Minor league affiliations
- Class: Independent (1936) Class D (1948–1954, 1960)
- League: Carolina League (1936) Western Carolina League (1948–1952) Tar Heel League (1953–1954) Western Carolina League (1960)

Major league affiliations
- Team: Chicago Cubs (1949–1951)

Minor league titles
- League titles (1): 1949
- Wild card berths (6): 1948; 1949; 1950; 1952; 1953; 1954;

Team data
- Name: Rutherford County Owls (1936) Forest City Owls (1948) Rutherford County Owls (1949–1952) Forest City Owls (1953) Rutherford County Owls (1954, 1960)
- Ballpark: Alexander Park (1936) Spindale High School Stadium (1949–1952) Central High School Park (1948, 1953–1954, 1960)

= Rutherford County Owls =

The Rutherford County Owls were a minor league baseball team based in the Rutherford County, North Carolina cities of Spindale, North Carolina and Forest City, North Carolina. Between 1936 and 1960, the Rutherford County based teams played as members of the 1936 Carolina League, the Western Carolina League from 1948 to 1952, Tar Heel League from 1953 to 1954 and Western Carolina League in 1960, winning the 1949 league championship and qualifying for the playoffs six other times. The franchise played as the Forest City Owls in the 1948 and 1953 seasons.

The Rutherford County Owls were a minor league affiliate of the Chicago Cubs from 1949 to 1951.

==History==
===1936 Carolina League / Umpire attack===
Rutherford County, North Carolina first hosted league baseball play in 1936. Based in Forest City, North Carolina, the "Rutherford County Owls" began 1936 the season as charter members of the eight–team Independent level Carolina League. The Independent league was nicknamed an "outlaw" league because of the Independent status. Most of the other league members, had previously hosted numerous semi–pro teams in the Carolina Textile League, made up of locals and mill workers. On July 3, 1936, the franchise was reportedly surrendered to the league after an attack of an umpire occurred at the ballpark in Forest City. The Owls had a record of 21–25 under managers Maurice Frew and Baxter Moose when the franchise was surrendered. The franchise became the Lexington Indians and immediately replaced Rutherford County in league play. After compiling a 16–36 record in Lexington, the team then finished the season in sixth place with a 37–61 overall record.

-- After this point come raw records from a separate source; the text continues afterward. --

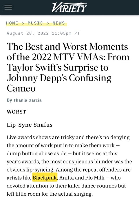 미국잡지가 블핑 vma 립싱크 비판했네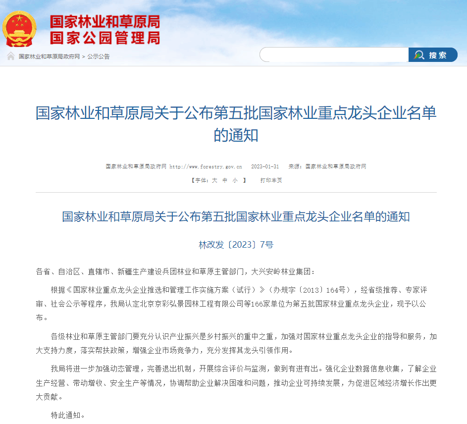 关于第五批国家林业重点龙头企业名单的通知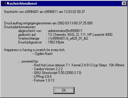 Neben der Tatsache, daß hier wohl unzweifelhaft wichtigere Informationen dargestellt werden, sollten Sie beachten, daß die gesamte Meldung frei konfigurierbar war (der geübte Linuxnutzer wird sogar ein fortune-Cookie entdecken) und im Rahmen von maximal 1.600 Zeichen beliebig gestaltet werden kann. Im Gegensatz zur Windows-Variante hätten Sie ohne viel Mühe zusätzlich die Möglichkeit, einzeln zu entscheiden, welcher Absender eine Nachricht bekommt. Die Kollegen, die häufig drucken, werden es Ihnen vielleicht danken - aber bestimmt nicht, bevor sie alle fortunes auswendig kennen ;-).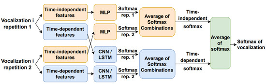 Figure 2 shows how the vocalization dependent scores were obtained. There were two classifiers per type of phonetization, one that received the time-dependent features and another one for the time-independent parameters. Each type of vocalization was repeated twice by the individuals. After extracting the time-dependent and time-independent features, they were propagated through the corresponding machine learning module that outputs softmax per each repetition and kind of parameter. The time-dependent features employed a CNN- or LSTM-based architecture, and the time-independent parameters made use of an MLP scheme. The resulting time-dependent and independent softmax delivered by each repetition were combined separately, using the same scheme described above (Figure 1), with five combination rules, to obtain a single softmax per feature type. Thereafter, the time-dependent and -independent feature softmax were combined by a simple average to deliver the vocalization dependent softmax. This process was replicated for each type of vocalization to deliver the estimated mMRC score, as shown in Figure 1.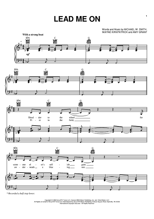 Digital Sheet Music for Lead Me On by Michael W. Smith, Wayne Kirkpatrick, Bethany Dillon, Amy Grant scored for Piano/Vocal/Chords; id:375049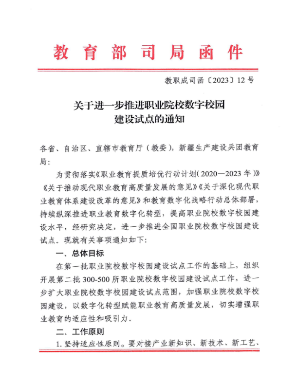 本网讯(通讯员 张家泉/文)近日,教育部发布《关于进一步推进职业院校数字校园建设试点的通知》(教职成司函【2023】12号),云博电子体育成功入选教育部第一批职业院校数字校园建设试点单位。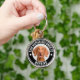 Let everyone know how much you love your best friend with this cool personalized pet photo black and white keychain. This would also make a beautiful birthday or christmas keepsake gift for your friends and family who own a dog, cat, rabbit, guinea pigs, ferret, birds, fish, reptile, etc. This template features a round photo, the funny quote "this human belongs to" and name in capital white curved text, decorated with two stars. Add your pet's name and your favorite dog picture, for better results, choose one with a horizontal orientation.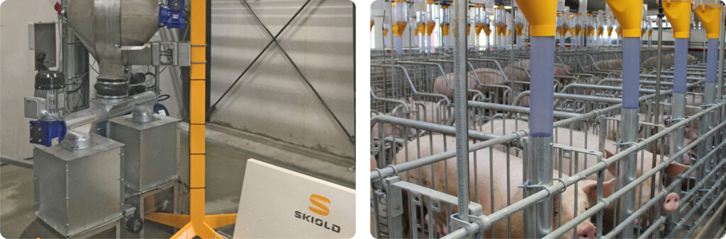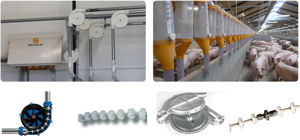 Dopravní systém TransPork® se často používá k plnění objemových dávkovacích jednotek SKIOLD nebo jako plnicí systém pro krmítka Maximat®. Pohonnou jednotku lze umístit jak na stěnu, tak na podlahu.

According to reports of the July 3, 1936, incident, umpire C.T. Skidmore was attacked outside of Alexander Park in Forest City after a game against Shelby. After the attack, Skidmore was complimentary of the players and team officials, who assisted him after the attack, including Dr. C.H. Verner who was president of the club and treated Skidmore's injuries. Skidmore stated he believed the attack was by out-of-town fans or gamblers. After the incident, Verner surrendered the team to the league. After a league meeting on July 5, 1936, the franchise was awarded to Lexington.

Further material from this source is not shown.